(Beginning of Information shown)

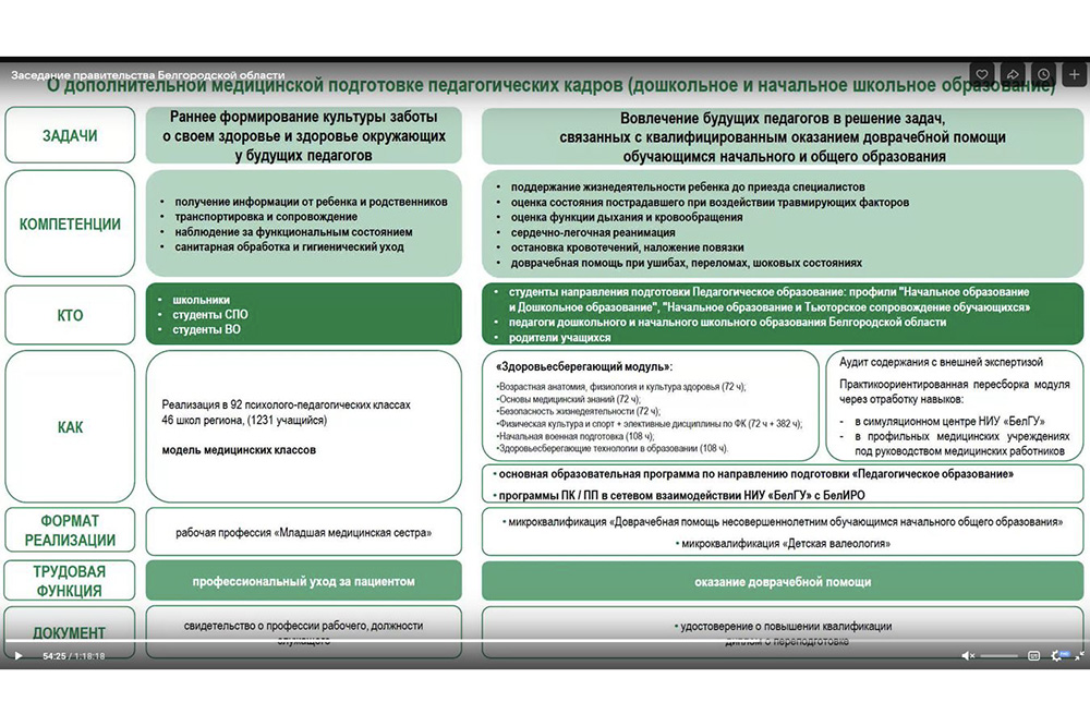 В настоящее время проводится аудит содержания практической части модуля с привлечением внешних экспертов – представителей Министерства здравоохранения и Министерства образования Белгородской области.
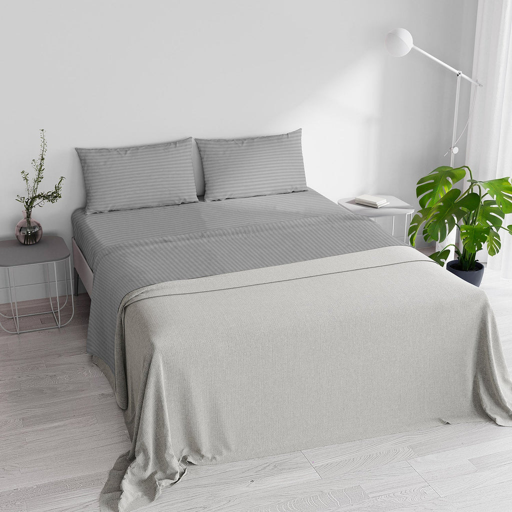 Doppellaken-Set oben und unten und Kissenbezüge aus grauem Polyester-Satin
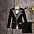 5 Peças Terno de Pajem Para Meninos Infantil Terno Blazer e colete e calças e camisa e gravata Casual Ao ar livre Festa Moda Legal Básico Côr Sólida Bolsos Botões Preto Pêlo de Coelho

(End of Information shown)

# Requirement
All that is needed is the data above, repeated exactly, without the pictures.

# Answer
 В настоящее время проводится аудит содержания практической части модуля с привлечением внешних экспертов – представителей Министерства здравоохранения и Министерства образования Белгородской области.
 Doppellaken-Set oben und unten und Kissenbezüge aus grauem Polyester-Satin
 5 Peças Terno de Pajem Para Meninos Infantil Terno Blazer e colete e calças e camisa e gravata Casual Ao ar livre Festa Moda Legal Básico Côr Sólida Bolsos Botões Preto Pêlo de Coelho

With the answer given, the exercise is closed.